Proxy env injection — Assert that the AGC Deployment spec produced by the reconciler contains HTTP_PROXY, HTTPS_PROXY, and NO_PROXY env vars. Assert NO_PROXY includes kubernetes.default.svc.cluster.local and the configured noProxyCIDRs. Assert the same three vars appear in the worker pod template.
Status Conditions — Assert that the GMC sets the Ready, ProxyAvailable, and AGCAvailable conditions on ActionsGatewayStatus correctly as components become healthy or degrade. Assert conditions use standard metav1.Condition types compatible with kubectl wait --for=condition=Ready.
Runner version rejection — Unit-test the session goroutine's handling of a 400 Bad Request from POST /sessions containing a version-too-old message. Assert the goroutine surfaces the error as a RunnerGroup condition rather than silently retrying in a tight loop.
GMC RBAC boundary assertions — Enumerate the generated ClusterRole rules and assert that no rule grants * verbs on secrets, pods, or nodes at the cluster level. This is a regression guard against accidental privilege escalation during development.
gitHubAppRef namespace defaulting — Unit-test the defaulting logic: when Namespace is omitted, assert it resolves to the ActionsGateway CR's own namespace; when set explicitly, assert that value is used instead.
Reserved namespace blocklist validation — Unit-test the admission webhook logic that rejects ActionsGateway CRs created in reserved namespaces. The static defaults are kube-system, kube-public, and gmc-system. The webhook also reads POD_NAMESPACE (downward API) at setup time and adds it to the set, so installs into a non-default namespace are protected. Tests cover the static defaults plus a custom-install namespace driven by the constructor.

7.2. Integration Tests¶

Scope: Multiple components interacting with real infrastructure dependencies — a live Kubernetes API server and a stubbed GitHub backend. No actual GitHub network calls. No container image builds and no real Kubernetes scheduling — pods are created in the API server but never actually scheduled.

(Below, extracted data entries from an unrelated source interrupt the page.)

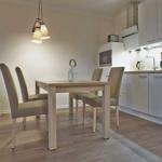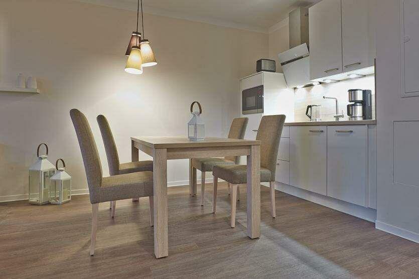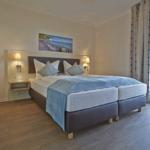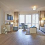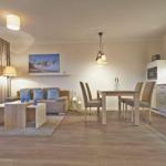 Die exklusive Ferienwohnung befindet sich im Erdgeschoss des Aparthotels und bietet auf 49 m² viel Platz für bis zu 4 Personen. Der gemütliche Wohnbereich besitzt ein bequemes Sofa, welches sich mit wenigen Handgriffen zu einer Doppelschlafcouch (1,40m x 2,00m) umfunktionieren lässt, und sorgt mit einem Flatscreen-TV für reichlich Entertainment.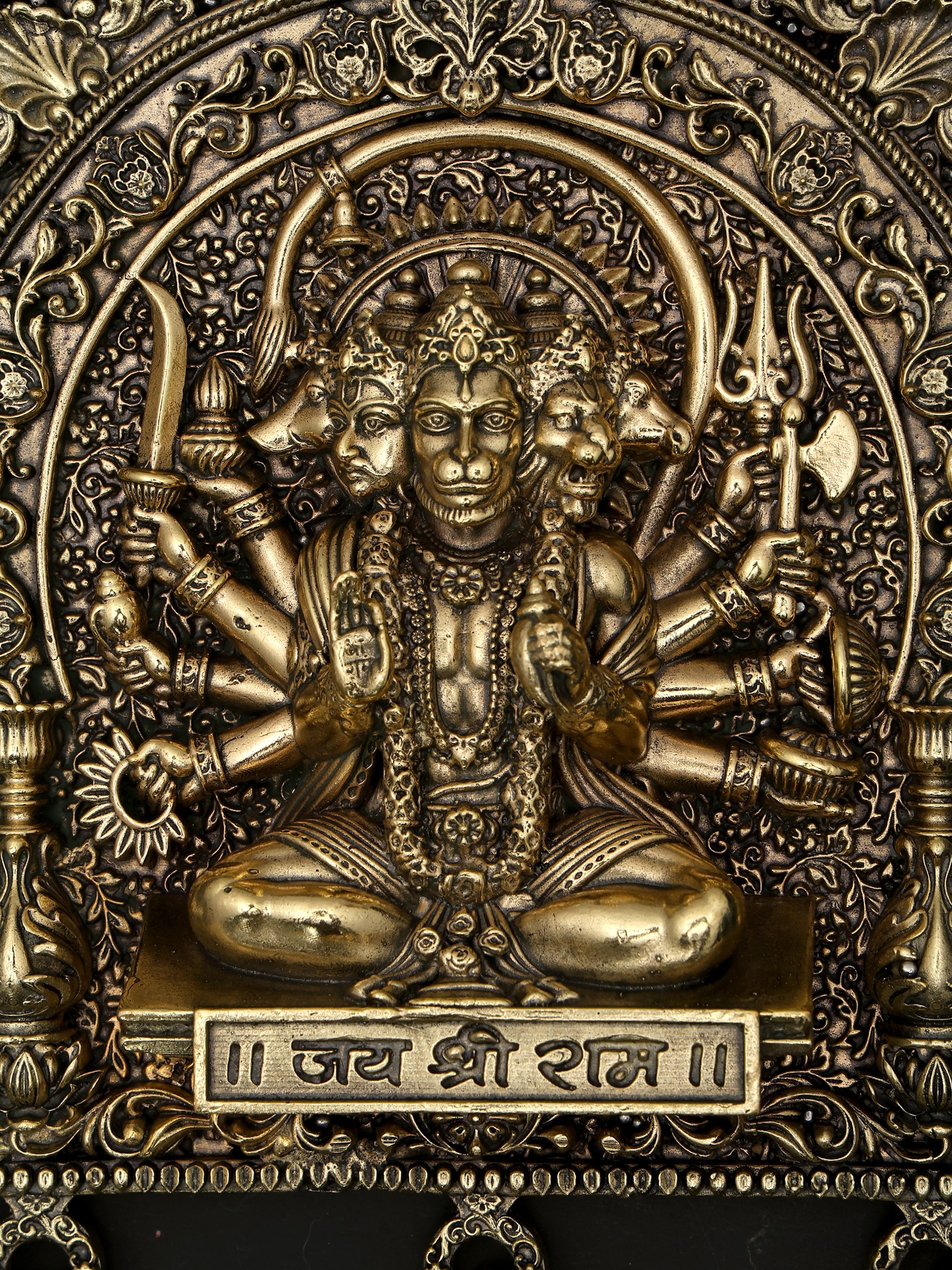 11" Black and Gold Finish Sitting Ten Armed Panchamukhi Lord Hanuman | Brass Statue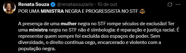 A mobilização ganhou força no X (antigo Twitter), onde hashtags como #STFDiverso, voltaram a circular. Usuários também sugeriram nomes de juristas negras para o cargo. Ainda assim, o movimento tem enfrentado dificuldade para manter o engajamento nas redes.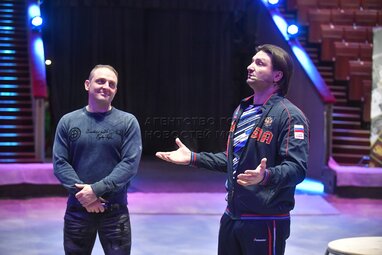 Художественный руководитель Большого Московского цирка, дрессировщик Аскольд Запашный (слева) и генеральный директор Большого Московского цирка, дрессировщик Эдгард Запашный перед взвешиванием слонихи Николь и ее подарка - гигантской тыквы.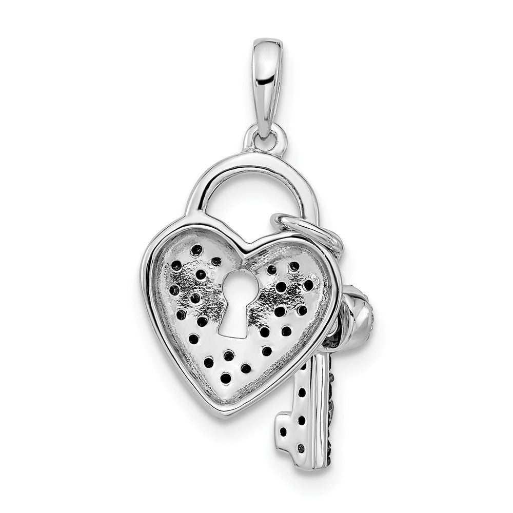 White Night Sterling Silver Rhodium-Plated Black And White Diamond Heart And Key 18 Inch Necklace With 2 Inch Extender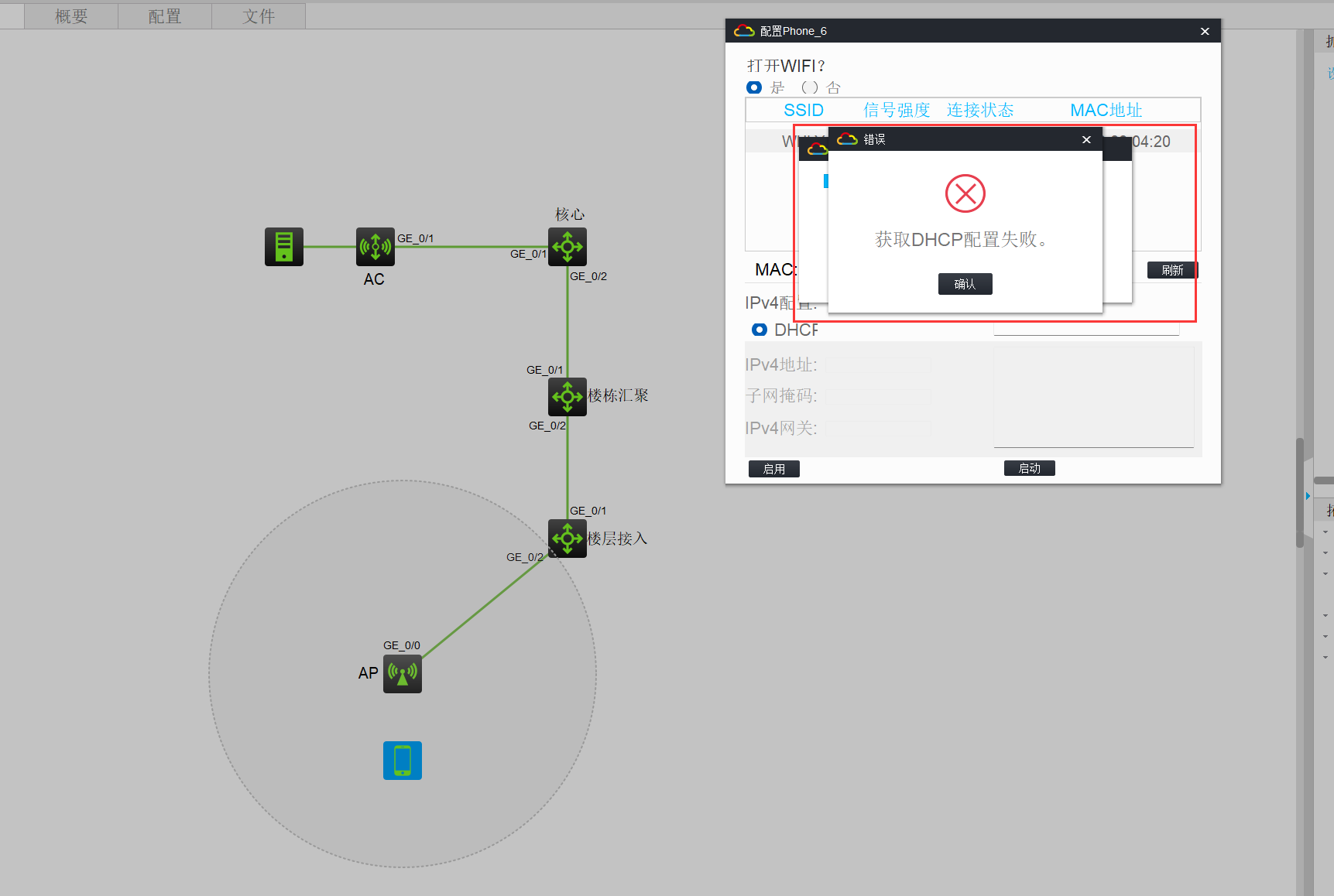 在HCL模拟器里面做无线实验,目前AP已经可以正常上线了,但是模拟手机一直无法获取到IP地址是怎么回事? AC做的是本地转发,也导入了MAP文件。

Speed contract: Full suite runs in under 5 minutes. Each test must complete in under 30 seconds. Tests run against a local envtest API server (from controller-runtime). kind is not used for this layer — it requires container builds and is slower than envtest.

Build tag: all integration test files carry //go:build integration. This keeps them out of the unit-test run (go test ./...) and requires an explicit -tags integration flag. CI runs them as a separate job after unit tests pass. Tests live under cmd/{agc,gmc}/internal/controller/integration/. See docs/development/testing.md for the run commands.

Why envtest, not the fake client: the fake client.Client cannot enforce CRD admission validation (CEL rules, x-kubernetes-validations), does not handle ownership references and garbage collection, and cannot test webhook behavior. envtest spins up a real kube-apiserver and etcd binary locally (no kubelet, no scheduler), so CRD schemas, admission webhooks, and status subresources all behave as in production.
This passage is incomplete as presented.